In a written opinion supporting the pipeline route, commissioner Johnson said TransCanada must fulfill its promises to protect natural resources and restore the land upon which it will build the pipeline once construction is completed. He also warned the company to do its best to ensure public safety as it builds and operates the pipeline.

“There should be no doubt that this commission and the citizens of this state expect TransCanada to keep those promises, and we will be watching to make sure that they do so,” he wrote.

The pipeline would carry oil extracted from Canada through Montana, South Dakota and Nebraska. From there it would connect with existing infrastructure in Kansas and in Oklahoma.

"As a result of today's decision, we will conduct a careful review of the Public Service Commission's ruling while assessing how the decision would impact the cost and schedule of the project," said Russ Girling, TransCanada's president and chief executive officer, in a statement.

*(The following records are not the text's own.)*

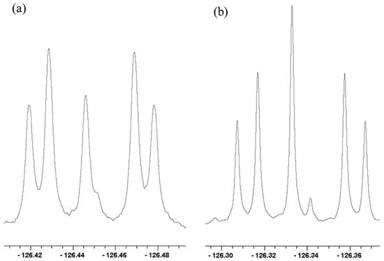 We first focus on dicarboxylate monoanions, perturbed by 18O labeling in one of the carboxylates but not in the other. For a rapidly equilibrating mixture of such monoanions, the 13C NMR signal is averaged over two tautomers, which differ by whether the proton is on the 16O-labeled carboxyl or on the 18O one (strictly, there are four tautomers, and the proton can be on either O of a mono-18O-labeled carboxyl. This arbitrariness merely leads to a halving of the effect possible from double labeling at one carboxyl). The equilibrium constant between the two tautomers, KT, or the ratio of 16O and 18O acidity constants, is >1, owing to differences in zero-point energies [34,35,36,37]. The 18O-protonated tautomer is favored and thus weighted more heavily in the averaging. As a result, the 13C16O signal is shifted slightly downfield and the 13C18O slightly upfield. The isotope shift is related to KT by Equation (3), where D is the difference between chemical shifts of carboxyl and carboxylate carbons in the monoanion Equation (4). Although those two shifts cannot be observed distinctly, D can be estimated from the chemical shifts of diacid and dianion Equation (5). Regardless of this approximation, the qualitative conclusion is that this method is capable of distinguishing symmetric H-bonds from asymmetric ones.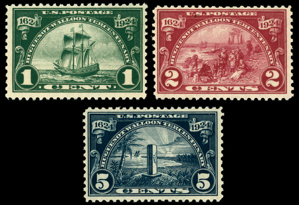 9150 nh 614-616 image1924, Huguenot-Walloon complete (Scott 614-616), set of 3, o.g., never hinged, Fine to Very Fine.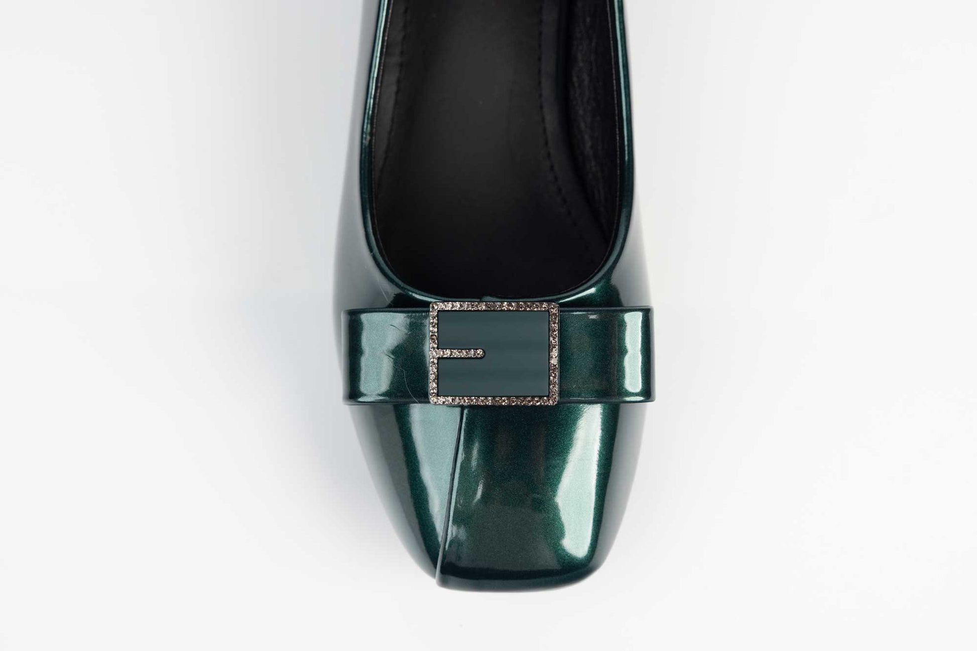 Pantofi FORMAZIONE de dama din piele naturala lacuita cu toc patrat de 5 cm inaltime simpli. Pielea este foarte moale si ofera maximum de confort la purtare indelungata, Talpa este usoara, flexibila iar pe interior detine un brant cu memory. Pe varful pantofului este montat un accesoriu metalic cu insertie de cristale finute.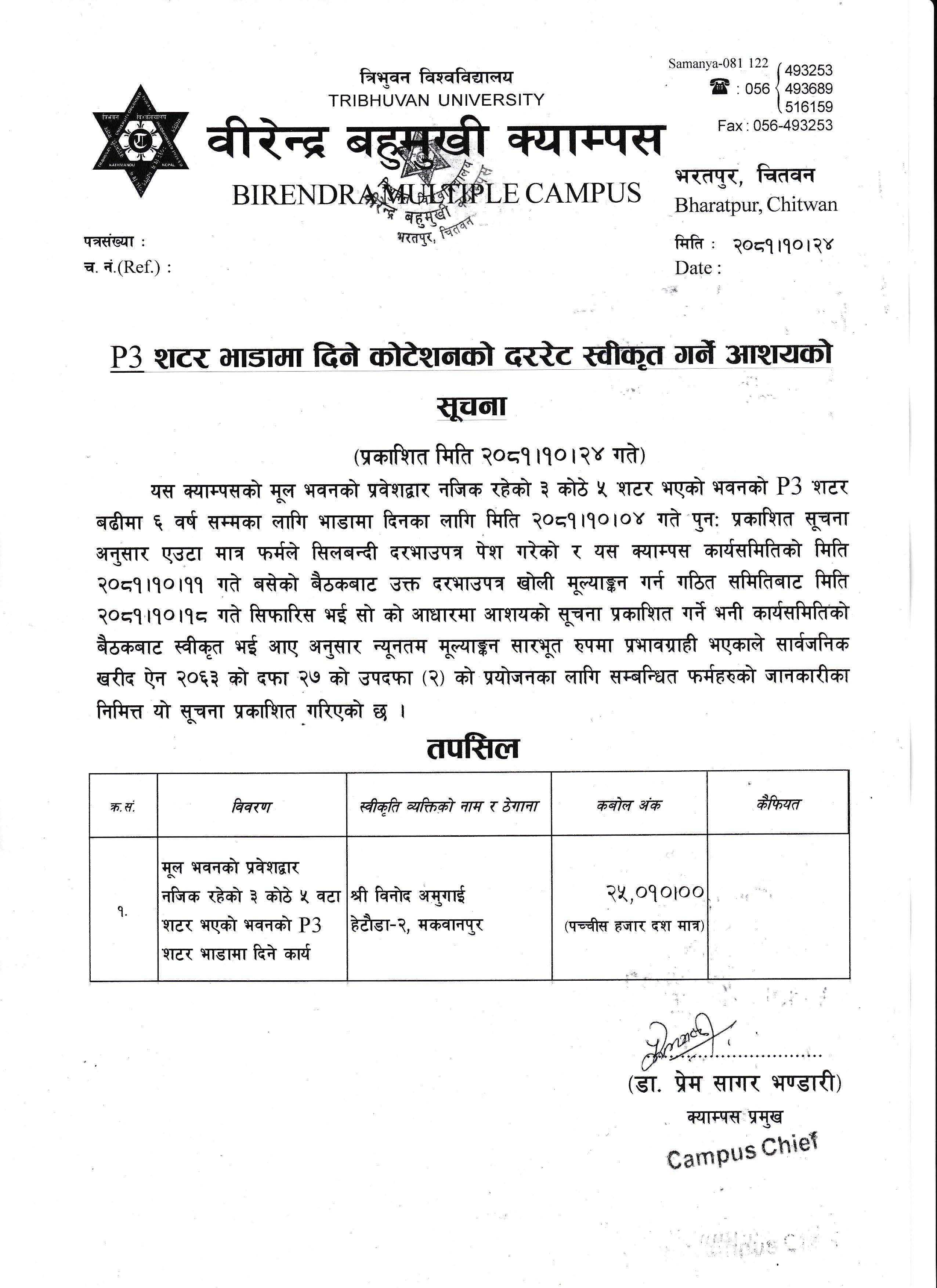 P3 शटर भाडामा दिने कोटेशनको दररेट स्वीकृति गर्ने आशयको सूचना

After the decision was announced Monday morning, an audible gasp could be heard among people waiting outside the commission’s hearing room at the Nebraska State Capitol.

Among those waiting anxiously was Renee Sans Souci, a 55-year-old poet and citizen of the Omaha Tribe. She said it was telling that all of the female commissioners voted against the pipeline’s route, while all of the male commissioners voted for it.

Women have always been the protectors of the water and the land, she said.

“Today’s decision was going to mark what our work will be in the days to come,” she said. “It just means that we’re going to have to work harder.”